§ Data for the task:
########

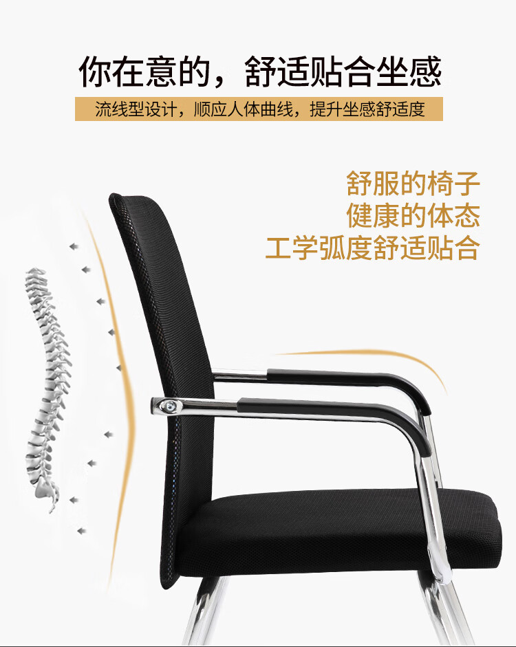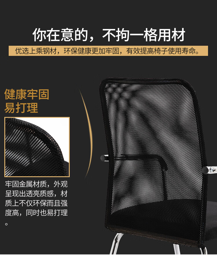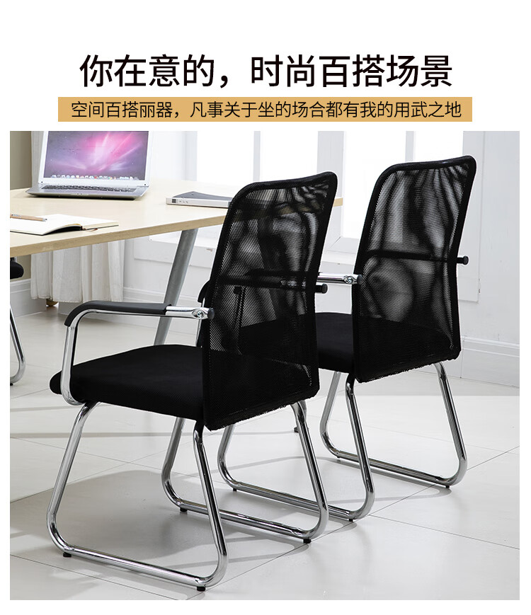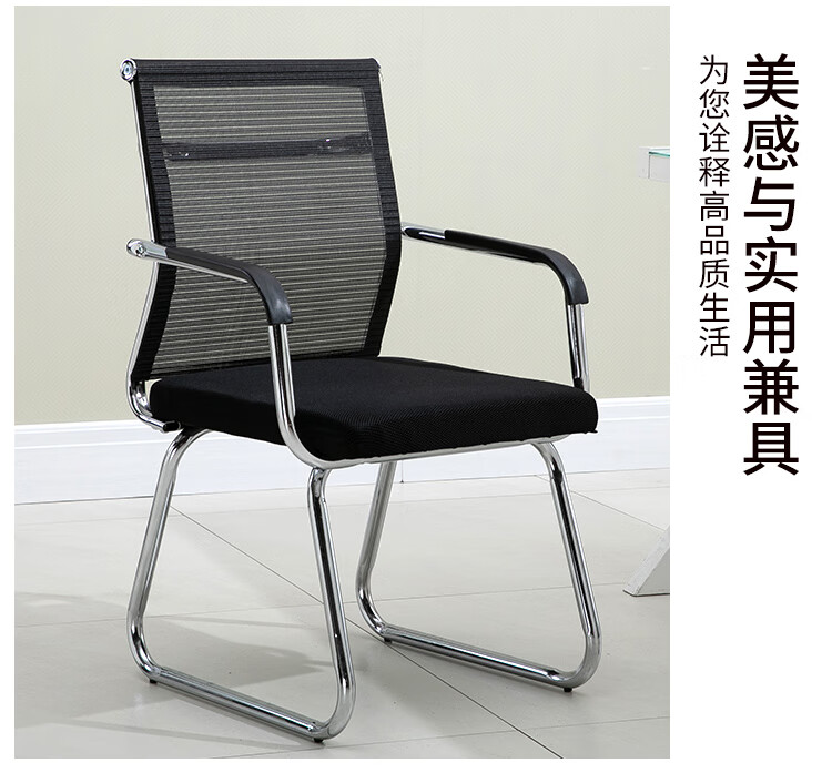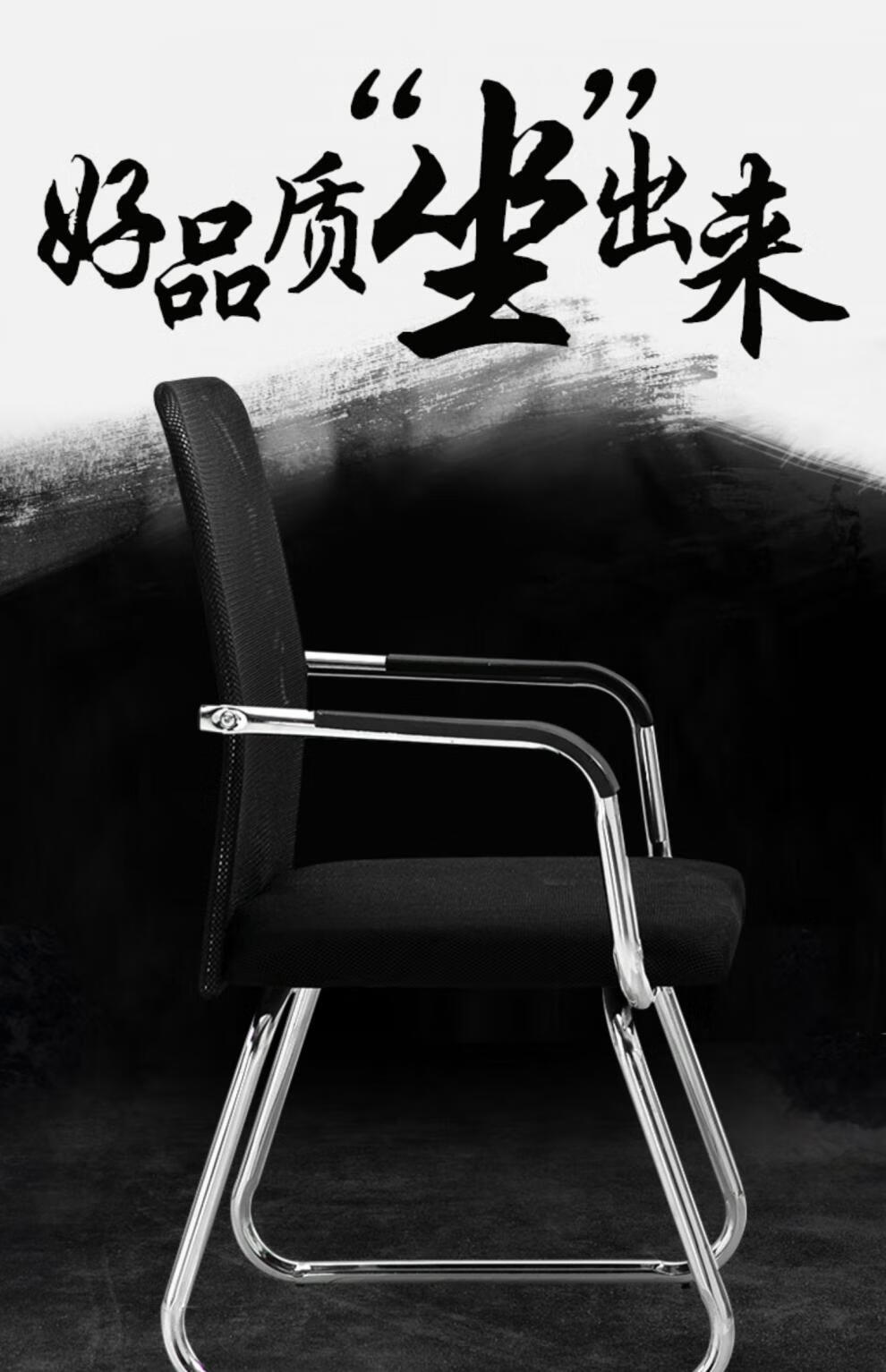 迈途森办公椅舒适久坐会议室椅学生宿舍弓形网麻将椅子电脑椅家用靠背凳 黑色网布电镀弓架椅【10年质保】 钢制 固定扶手
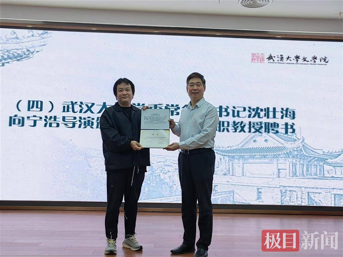 当日,武汉大学党委常务副书记沈壮海,向宁浩导演颁发了武汉大学兼职教授聘书。武大文学院党委书记王三礼,向宁浩导演颁发了武汉大学文学院中文创意写作行业导师聘书。
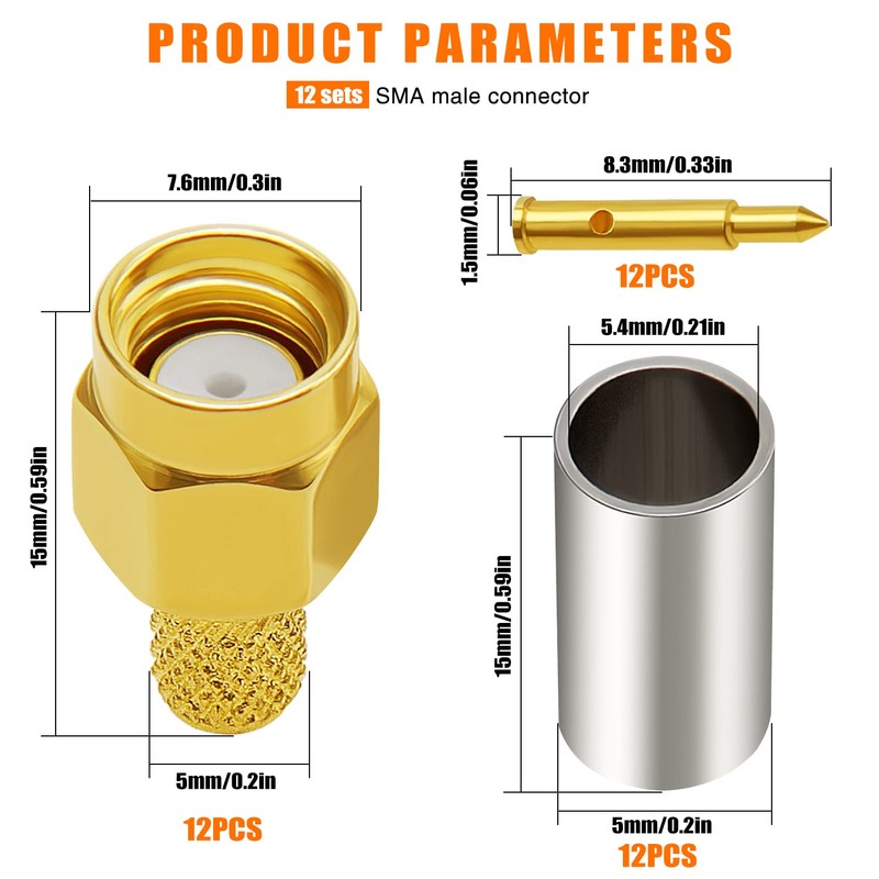 KUOQIY 12pcs SMA Male Crimp, SMA Male Crimp Gold-Plated RF Connector, for RG58 / RG400 / RG142 / LMR195 Cable
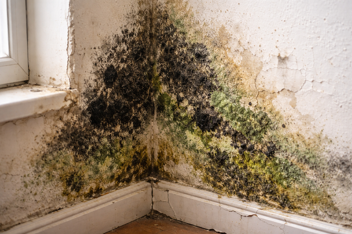 Конденсат формируется, когда тёплый влажный воздух соприкасается с холодными поверхностями. Часто это происходит в углах и на откосах окон. Регулярная проверка вентиляционных систем помогает предотвратить размножение плесени.
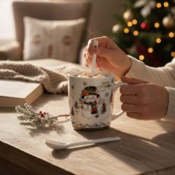 Технически характеристики Материали: Керамична чаша и керамична лъжичка Вместимост: ~180 ml Размер на чашата: 7.5 × Ø7 см Мотиви: Дядо Коледа, снежен човек, еленче или пингвин Надпис: Merry Christmas Размер на кутията: 13 × 14 × 8 cm Безопасност: Изработена от висококачествена керамика, подходяща за топли напитки Опаковка: Подаръчна кутия с прозорче и дръжки Подходящо за деца: Да – безопасни, устойчиви материали
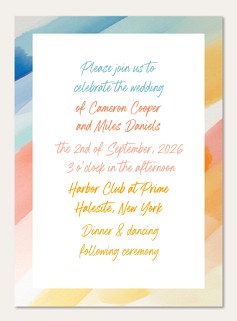 Make your wedding announcement as vibrant as your love story with this contemporary watercolor wedding invitation. Soft diagonal brushstrokes in dreamy pastels frame your celebration details, while modern script typography adds an artistic touch. Customize with your choice of premium papers and finishes to create an invitation that perfectly sets the tone for your special day.
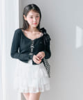・ウエスト部分のドロストとリボンがガーリーなミニスカート。
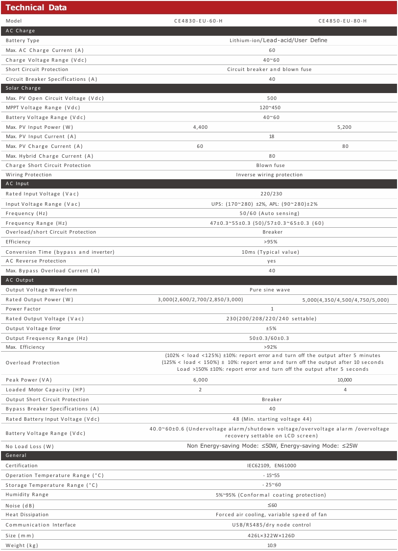 Off Grid Hybrid Inverter CE4830-EU-60-H CE4850-EU-80-H
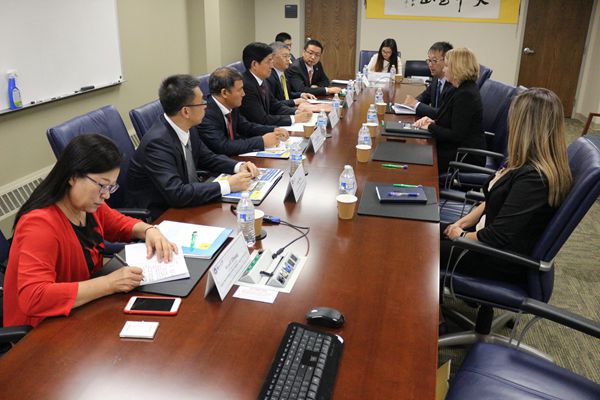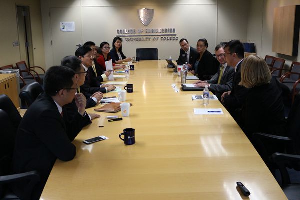 赵丁选还专门会见了托列多大学工程学院和教育学院负责人。在与工程学院院长Dr. Michael Toole及3名副院长会谈时,赵丁选详细介绍了我校在工程学科领域所取得的成就,包括田永君院士团队的“超硬材料”研究成果以及学校在“中国天眼”、C919大飞机、港珠澳大桥、北斗导航卫星、神舟飞船、高速铁路、多功能应急救援车辆等多个国家重大工程建设项目中的技术贡献。其间,我校材料科学与工程学院院长王利民教授做了专题报告。Michael对我校工程领域科研成就表示衷心祝贺与钦佩,期待与乌鸦传媒实现更加深入的实质性合作。双方议定将尽快开展教师和研究生访学、研究生联合培养等具体合作项目,并指定专门人员负责对接。在教育学院,代表团与院长Dr. Raymond Witte、副院长Dr. Rebecca Schneider、师范教育系主任Dr. JennyDenyer、项目负责人郑安中就教育学硕士“1+1+1”联合培养项目的具体细节进行了详细沟通。该项目合作协议有望在今年年底签署,2020年5月开始执行。在行程紧张的访问期间,赵丁选还利用周末时间,约见了托列多大学教务长Dr. Karen Bjorkman、法学院院长Dr. Benjamin Barros、护理学院院长Dr. Linda Lewandowski,并与他们充分交换意见,达成多个合作意向。
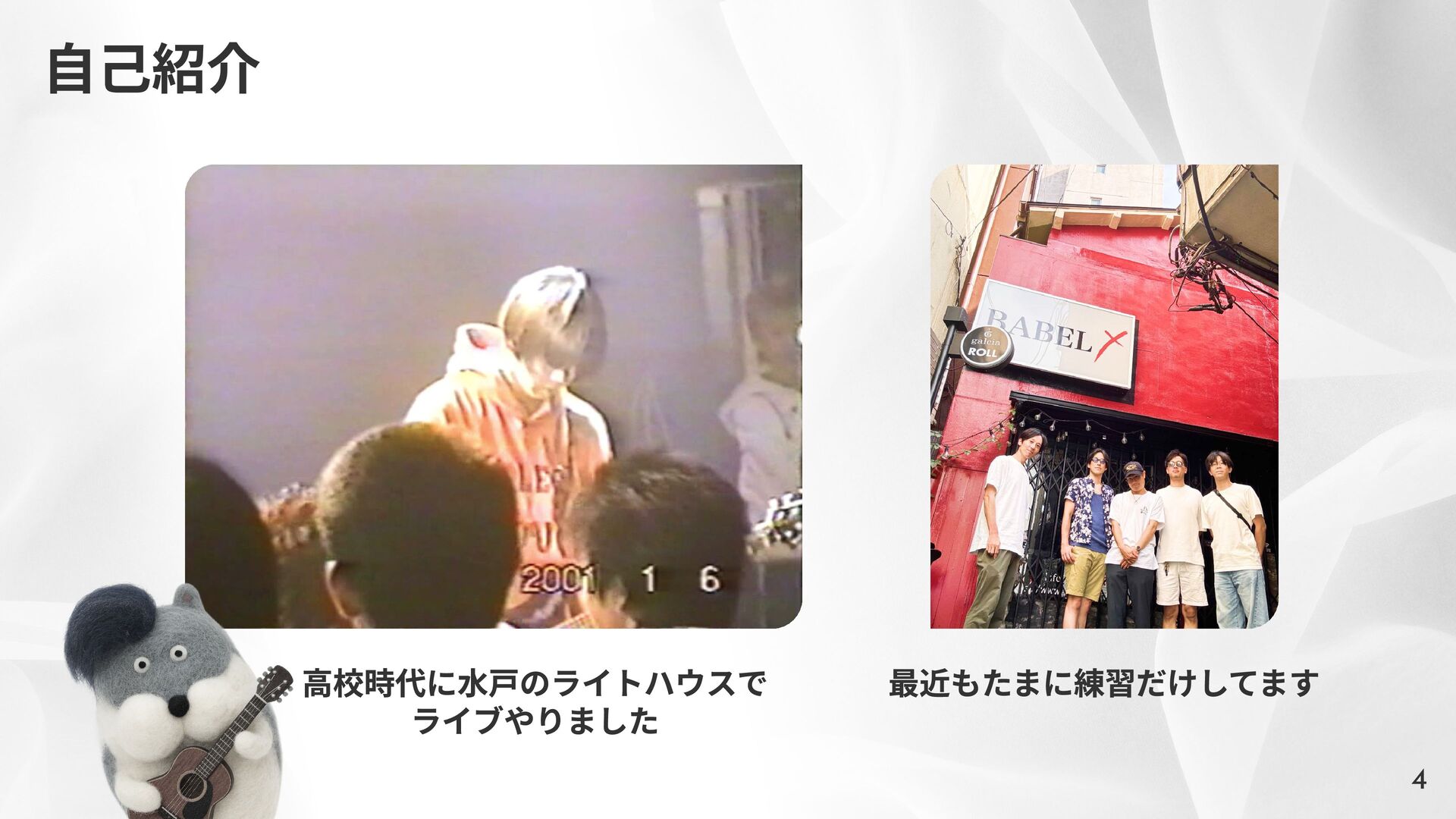 自己紹介 4 高校時代に水戸のライトハウスで ライブやりました 最近もたまに練習だけしてます
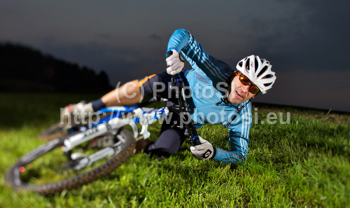Kranj ,Slovenia - 10.10.2010 : Mountain biker riding his bike through fields near his home city of Kranj, Slovenia, on late autumn afternoon of Sunday, 10th of October 2010. Photo by: Primoz Jeroncic
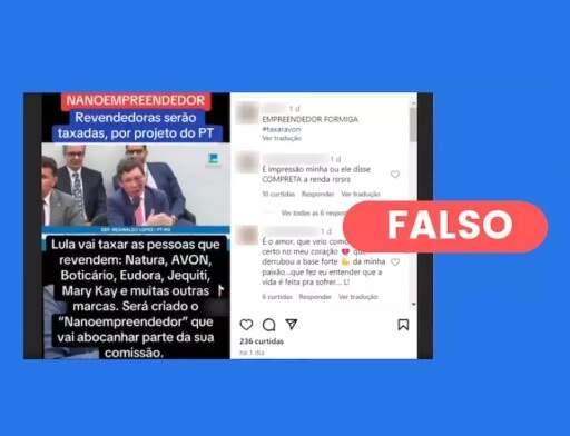 Esta publicação, especificamente, mostra um trecho da fala do deputado Reginaldo Lopes, com uma inscrição sobre a imagem: “Nanoempreendedor: Vendedores(as) de ‘Natura’ serão tributadas!”. O conteúdo foi usado em outra conta no Instagram, com um texto adicional. Além de afirmar que “Revendedoras serão taxadas por projeto do PT”, o texto diz que “Lula vai taxar pessoas que revendem” diversas marcas de cosméticos e que “vai abocanhar parte da sua comissão”.
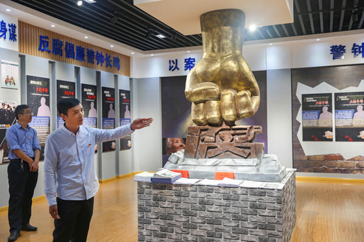 枪杆刘社区党支部书记陈艳峰在社区反腐倡廉警示教育基地,介绍身边发生过的案例
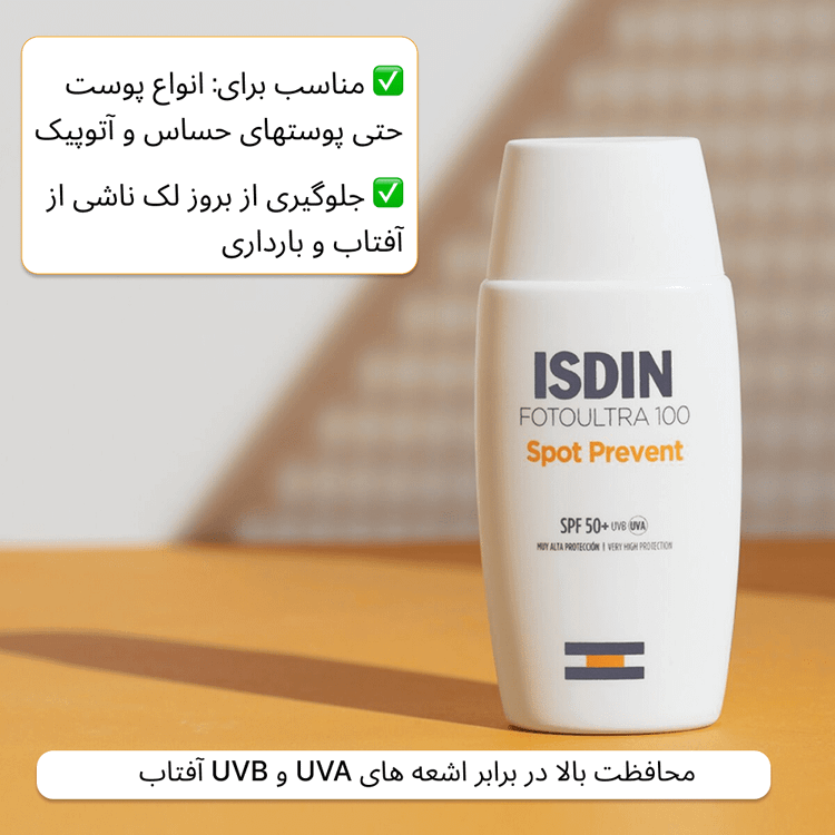 ویژگی ها: ضدآفتاب +SPF50و ضدلک بی رنگ - جلوگیری از اشعه مضر UVB ,UVA - مناسب انواع پوست و پوست جساس پیشگیری از لک های ناشی از آفتاب -بافت سبک فلویید
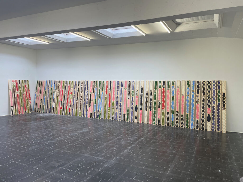 The respective floorboards can be picked up for a nominal fee of 60 euros on the last weekend of the exhibition. From November 20 to 23, the wooden floorboards will be arranged standing on the wall between the paintings and photographs. A list for reservations is available at the exhibition. The proceeds from the nominal fee will go toward financing the exhibition.

########

§ Exercise:
Set the pictures aside and retype exactly the lines above from the line with "Barros、护理学院院长Dr. Linda Lewandowski,并与他们充分交换意见,达成多个合作意向。" to the line with "Kranj ,Slovenia - 10.10.2010", both included, adding no others.

§ Your solution:
 赵丁选还专门会见了托列多大学工程学院和教育学院负责人。在与工程学院院长Dr. Michael Toole及3名副院长会谈时,赵丁选详细介绍了我校在工程学科领域所取得的成就,包括田永君院士团队的“超硬材料”研究成果以及学校在“中国天眼”、C919大飞机、港珠澳大桥、北斗导航卫星、神舟飞船、高速铁路、多功能应急救援车辆等多个国家重大工程建设项目中的技术贡献。其间,我校材料科学与工程学院院长王利民教授做了专题报告。Michael对我校工程领域科研成就表示衷心祝贺与钦佩,期待与乌鸦传媒实现更加深入的实质性合作。双方议定将尽快开展教师和研究生访学、研究生联合培养等具体合作项目,并指定专门人员负责对接。在教育学院,代表团与院长Dr. Raymond Witte、副院长Dr. Rebecca Schneider、师范教育系主任Dr. JennyDenyer、项目负责人郑安中就教育学硕士“1+1+1”联合培养项目的具体细节进行了详细沟通。该项目合作协议有望在今年年底签署,2020年5月开始执行。在行程紧张的访问期间,赵丁选还利用周末时间,约见了托列多大学教务长Dr. Karen Bjorkman、法学院院长Dr. Benjamin Barros、护理学院院长Dr. Linda Lewandowski,并与他们充分交换意见,达成多个合作意向。
 自己紹介 4 高校時代に水戸のライトハウスで ライブやりました 最近もたまに練習だけしてます
Kranj ,Slovenia - 10.10.2010 : Mountain biker riding his bike through fields near his home city of Kranj, Slovenia, on late autumn afternoon of Sunday, 10th of October 2010. Photo by: Primoz Jeroncic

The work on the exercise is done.